Erghhh..... i hate their false advertising. And you know what.. I have been scouring? scowering? these forum for the past few hours today and i came across another person complained of the same thing with another one of their products from that site. That is not cool.

Not that i mind synthetic. I'm not that crazy about not having "synthetic" but i would prefer the real deal for obvious reasons. Yeah, i don't think i am going to be doing business with Bulk Apothecary any more. Too many previous frustrations

Sorry for my frustration. I was taken over by emotion and realize it is partly my fault for not reading the tiny little disclaimers at the bottom of page. It's just (for me) when something is advertised as essential oil. I expect it to be "essential oil" 

*calm breathes*

Im going to get in touch with them and see what can be done. If anything since i opened up the bottle. 

But in the meantime, does anyone have *reliable* suppliers for all my essential oil needs including tuberose? 

*glares at bulk apothecary box in the corner of my room* not you B.A. Go away.


----------



## DeeAnna (Sep 23, 2016)

"...synthetic Tuberose essential oil blend..." from BA website.

It's hard to say what this weasel wording really means, but it ~might~ mean is the fragrance is composed of chemical compounds normally found in tuberose, but some or all of the chemical compounds are synthetic.

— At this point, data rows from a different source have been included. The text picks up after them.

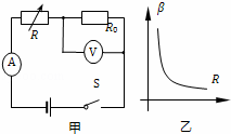 某型号天燃气泄漏检测仪器的电路如图甲所示,图中R为气敏电阻,其阻值R与天然气浓度β的变化关系如图乙所示,已知R0为定值电阻,电源电压恒定不变,用此仪器检测天然气是否泄漏,则下列判断正确的是【 】
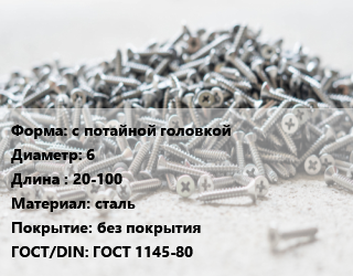 Шуруп с потайной головкой 6х20-100 сталь без покрытия ГОСТ: ГОСТ 1145-80, упаковка 1200 шт цена от 1 865 Р / кг, где купить, условия доставки в Гродно и Гродненской области
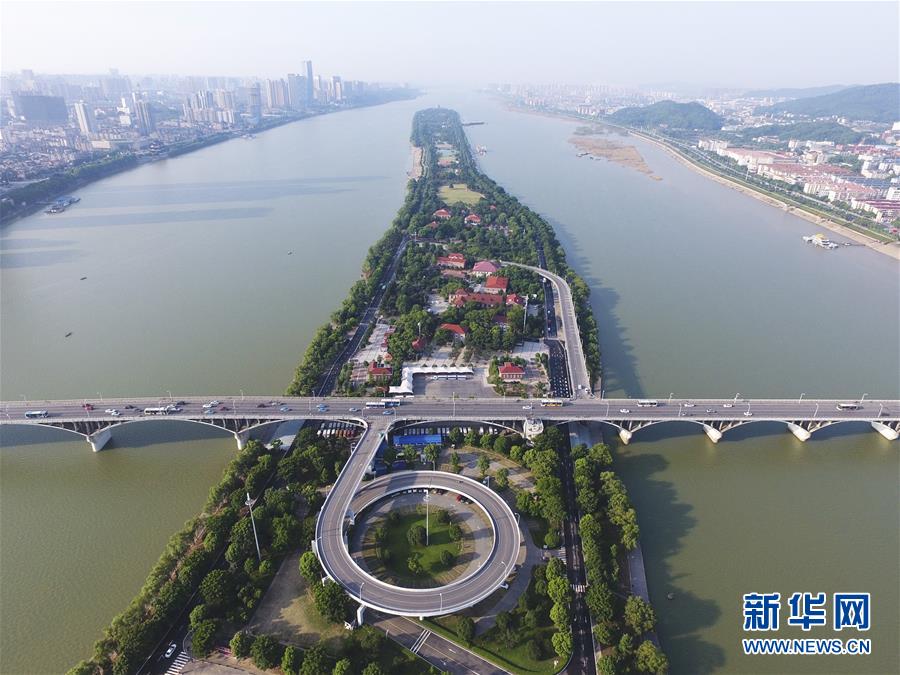 俯瞰湖南长沙橘子洲大桥和桥下的橘子洲景区(2017年7月15日无人机拍摄)。 新华社记者 龙弘涛 摄
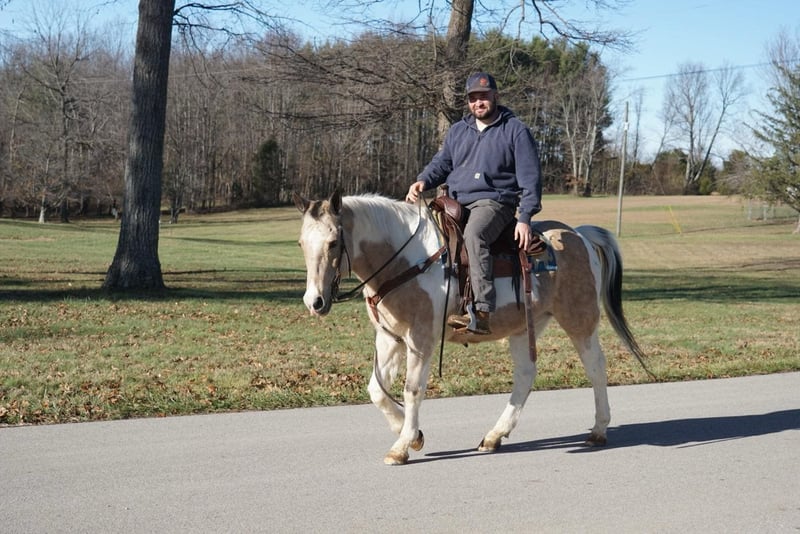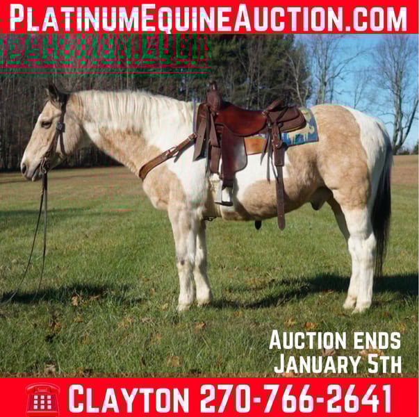 ONLINE AUCTION Place your bids at www.PlatinumEquineAuction.com Starting Bid $3500 Auction ends January 5th, 2024 Need a new saddle? Check out White Rock Saddles on our website or Facebook! Cookie Dough is a 14 year old Buckskin Paint gelding! He stands 14.3 hands tall and has a chunky build! He is cute as a button! Has pretty markings and has a great personality! He is a very laid back horse that is very simple to ride! The best part about him is he is safe! His favorite speed is slow but he will get up and go when asked! He will walk, trot, and lope! His favorite place to be is on the trails! He has been ridden all over Kentucky and Tennessee on over night camping trips! He is very seasoned out in the woods! He has been ridden in parades as well! He is easy to catch and handle and can stay fat on air basically! Super easy keeper! If you’re looking for a laid back teenage gelding to take care of you then don’t miss out on Cookie! He is cute as a button and an easy operator! Located in Rineyville Ky! Call Clayton Ryan 270-766-2641. ONLINE AUCTION Place your bids at www.PlatinumEquineAuction.com Starting Bid $3500 Auction ends January 5th, 2024 Need a new saddle? Check out White Rock Saddles on our website or Facebook!
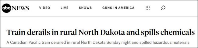(观察者网讯)美国近日又发生一起列车脱轨导致化学物质泄漏的事故。据美国广播公司3月27日报道,一列载有危险化学品的火车26日在美国北达科他州脱轨,事故没有造成人员伤亡,但部分化学物质发生泄漏。当地应急人员和专家正在清理泄漏物质,周边多条道路已被关闭。
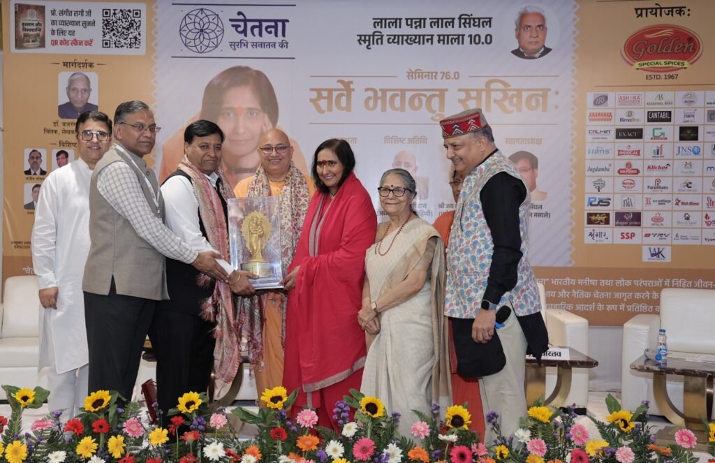नई दिल्ली/उमा सक्सेना/- नई दिल्ली के रोहिणी सेक्टर-25 स्थित इस्कॉन मंदिर में रविवार को एक विशेष आध्यात्मिक सेमिनार का आयोजन किया गया। यह कार्यक्रम संस्था ‘चेतना’ (सुरभि सनातन की) द्वारा लाला पन्नालाल सिंघल स्मृति व्याख्यानमाला के अंतर्गत आयोजित किया गया। इस अवसर पर आयोजित 76वें सेमिनार में मुख्य वक्ता के रूप में पद्मभूषण सम्मानित साध्वी ऋतंभरा ने शिरकत की। अपने ओजस्वी और भावपूर्ण संबोधन में उन्होंने भारतीय संस्कृति के मूल विचार “सर्वे भवन्तु सुखिनः” की महत्ता पर विस्तार से प्रकाश डाला।

Another weasel-word name for this is "nature identical." 

Lavender 40/42 is a nature-identical blend. This EO can be a blend of EOs that come from natural sources but it can also contain synthetically made compounds that are "nature identical" to what is found in true lavender EO. The synthetic compounds are added to make the scent meet a consistent standard profile. 

A fragrance oil is any blend of naturally-sourced chemicals and/or synthetic chemical compounds needed to create a scent. The mixture of chemicals doesn't necessarily have anything to do with what is found in EOs from natural sources. For example, a lavender fragrance oil might have chemical compounds in it that are not found in lavender essential oil.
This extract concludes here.